Kebap yiyen Yörük ailesi.
Kebap pazarın olmazsa olmazıdır. Pazardan kebap yemeden dönülmez. Bu yüzden kebapçılar cumartesi günü çok yoğundur. Kebap yalnız Makedonya’nın değil, bütün Balkanların en önemli yemeğidir diyebilirim. Makedonlar da” kebap” diyorlar. Belgrat’ta Sırplar “kebapi” diyorlar. Burada, Türkiye’deki İnegöl köftesi biçiminde fakat ondan çok daha büyük köftelere kebap deniyor. Bir tabak büyüklüğünde tek parça kıymadan yapılana köfte diyorlar. Kebap gerçekten çok güzel ve lezzetli bir yiyecek. Makedonya’nın gezerek otlayan hayvanlarının eti bu lezzeti sağlıyor.
Geleneksel kıyafeti üstüne yağlık giyen Yörük kadını.
Çocukluğumda babam beni Köprülü pazarına götürürdü. Aklımda kalan eşek sırtında gittiğim ve pazarda yediğim bu kebaplardır. Vardar kenarında bir kebapçı vardı. Biz yedikçe babam ilave yaptır, iyice doyana kadar bu devam ederdi. Bir de köye dönerken aldığımız ve evdekilerin iştahla bekledikleri somunları çok iyi hatırlıyorum. Ekşi mayadan yapılan ve Trabzon ekmeğine benzeyen bu ekmekler artık Makedonya’da yok. Her tarafta çok beyaz ve pek sağlıklı olmayan aynı ekmekler var. Her gün köye ekmek geldiği için pazardan ekmek alınmıyor.    

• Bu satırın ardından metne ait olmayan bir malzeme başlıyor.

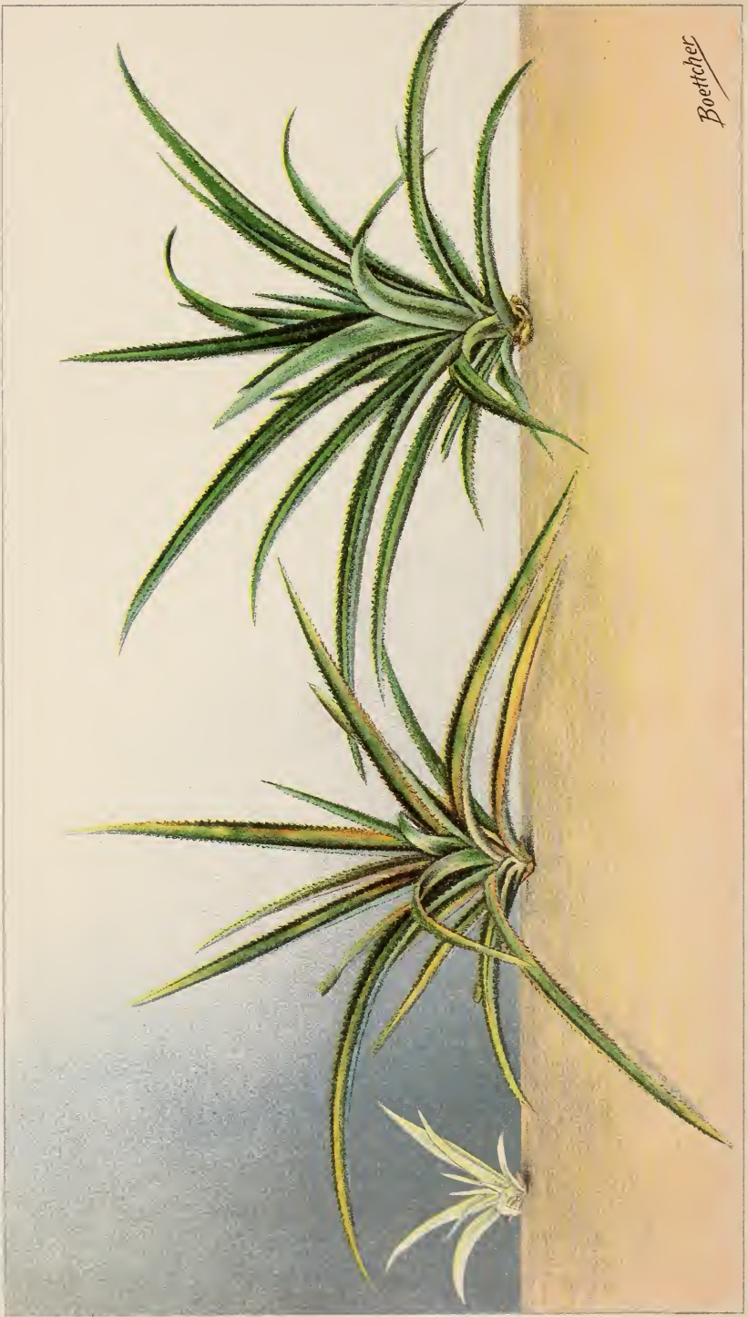
TWO STAGES OF CHLOROSIS AND NORMAL GREEN PLANT.
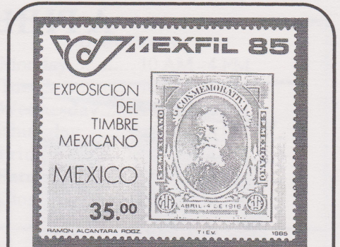
One of a set of three stamps issued by Mexico for an international exhibition in Mexico City in 1985.

But for MEPSIOAXACA 2003, all was arranged and seemingly in order. We were all very excited about this stamp happening! Official release and first day of issue were to be at the exhibition on opening day. The winning design shows a pair of the Hidalgo Head issue (a classic stamp issued from 1868 to 1872) black ink on green paper, 12-centavos, overprinted with the numbers 23, for the Oaxaca postal district, and 71, for the year of issue of 1871. They are cancelled with a single Oaxaca postmark dated February 1872. Also shown is a facsimile postmark in the same style but dated February 2003, to be used at the exhibition. But alas, SEPOMEX late last year demanded an additional 100,000 pesos (about $10,000!) from the organizers in Oaxaca. They were unable to raise the funds and the commemorative stamp was not issued. That's not the kind of "cancellation" we were looking forward to getting in Oaxaca! Nevertheless, the show went on to be a huge success. Great exhibits, a fantastic location, super hospitality and clear, warm weather all contributed to an unforgettable experience!

Pazarda işleri biten köylüler kebapçıların önlerinde ya da içeride oturarak bir şeyler yiyip içiyorlar. Kola ve meyve suyu yanında gençler çoğunlukla bira veya rakı içmeyi tercih ediyorlar. Buralarda otururken sohbet edildiği gibi bazı iş görüşmeleri de yapılıyor. Bu da pazarda yaşanan özel ayrı bir zevk oluyor. Köye dönecek arabalarının kalkmasını bu şekilde bekleniyor.
Geleneksel kıyafetleri ile bir Yörük kızı.
Kefelerde oturup Türk kahvesi ve Makyato içerek vakit geçirenler de az değil. Ayrıca pastanede oturup Makedonya’nın her tarafında görülen büyük boy tulumba tatlılarından, değişik pastalardan yiyip boza ve Borovinka (yabanmersini) suyu içenler da var.   
Türkiye’den gelmek ayrı bir ilgi görmemize sebep oluyor. Bizi görenler, Türk, Makedon ve Çingene hepsi aynı soruyu aynı şekilde soruyorlar;
-Kopuşunuz nerden?..
Pazarda, Türk, Makedon herkes bize ilgi gösteriyor. Hepsi ile çok güzel anlaşıyoruz. Her yıl gittiğimiz için bizi tanıyorlar. Hoş geldiniz diyerek hal hatır soruyorlar. Bir yıl önce Ali Koç’tan Hamza’nın balkon demirlerini yapan soğuk demirci ile tanışmıştık. Ertesi yıl gittiğimde birinin bana Makedonca seslendiğini duydum. Önce tanıyamadım, dikkatli bakınca demirci Makedon’u tanıdım. Bana hoş geldin diyerek bir şeyler ikram etmek için kebapçıya davet etti. Makedonca, Türk karışık güzel bir sohbet yaptık. Adeta hasret giderdik.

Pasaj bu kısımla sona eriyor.